Topics: This course provides an introduction to computational linguistics, from morphology (word formation) and syntax (sentence structure) to semantics (meaning), and natural language processing applications such as parsing, machine translation, generation and dialog systems.
Objectives: At the end of this course, students should have a good understanding of the research questions and methods used in different areas of natural language processing. Students should also be able to use this knowledge to implement simple natural language processing algorithms and applications. Students who take this course for 4 hours credit should also be able to understand and evaluate original research papers in natural language processing that build on and go beyond the textbook material covered in class.

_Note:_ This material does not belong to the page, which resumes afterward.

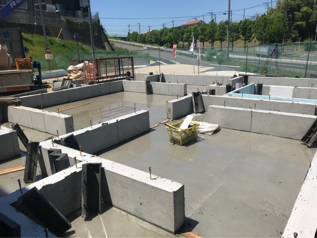 投稿日: 2018年5月21日現場進捗状況(^^) 東広島市 西条御薗宇O様邸の現場風景です 基礎工事が仕上げに入りました 型枠を解体し、基礎の全景が分かるようになりました 来週の上棟に向けて、工事は順調に進んでいますので、お楽しみに〜
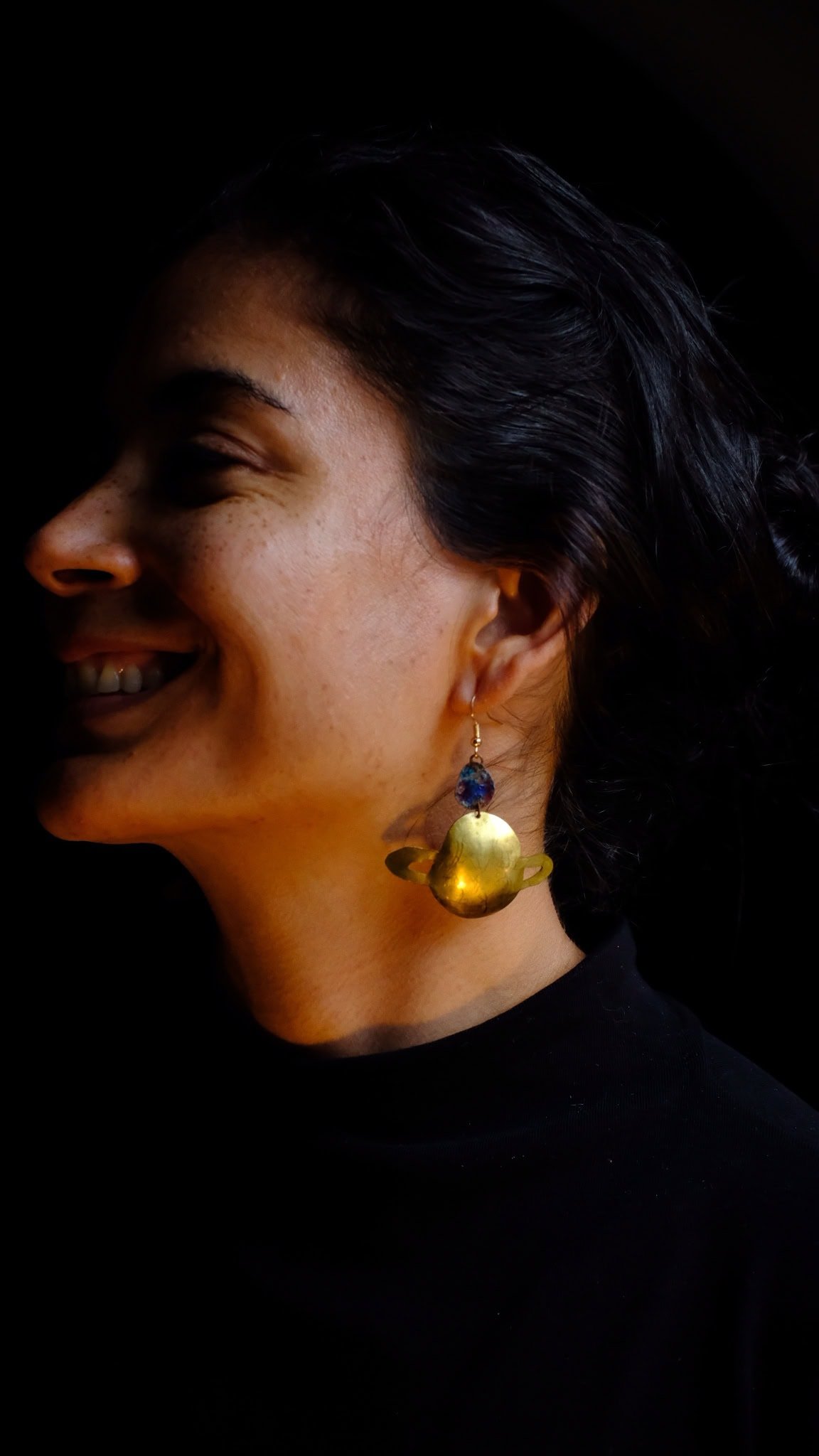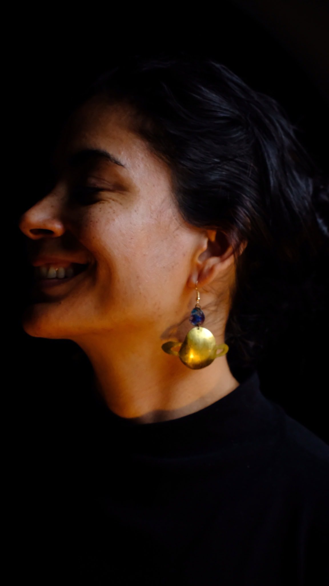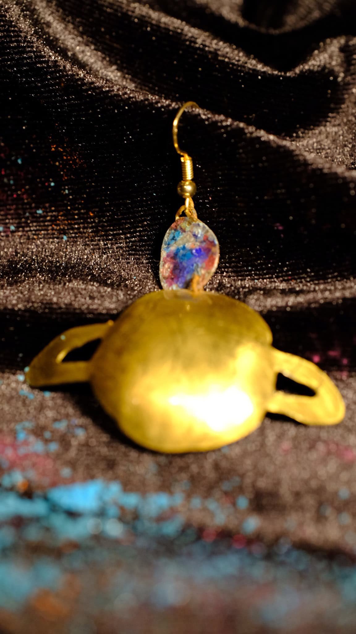 • Handmade earrings painted by hand and patinated under the natural light of the sun with soft strokes of artistic pigments. Material copper with gold-plated forms of the planet Saturn.

Readings: Many of our readings will come from the forthcoming 3rd edition of Jurafsky and Martin's Speech and Language Processing textbook. You can find PDFs of many chapters on that website. The 2nd edition used to be a required text for this class, and you may still find it useful (you may also want to check the errata pages). There are two copies of the 2nd edition on reserve at Grainger for this class. Required readings are listed on the Syllabus page along with the slides for each lecture.
Target audience and prerequisites: Advanced undergraduates and graduates with a background in formal language and automata theory (CS374 or equivalent). Programming experience is necessary for the assignments. The required programming language for all assignments is Python 3.5. Prior exposure to linguistics is not required.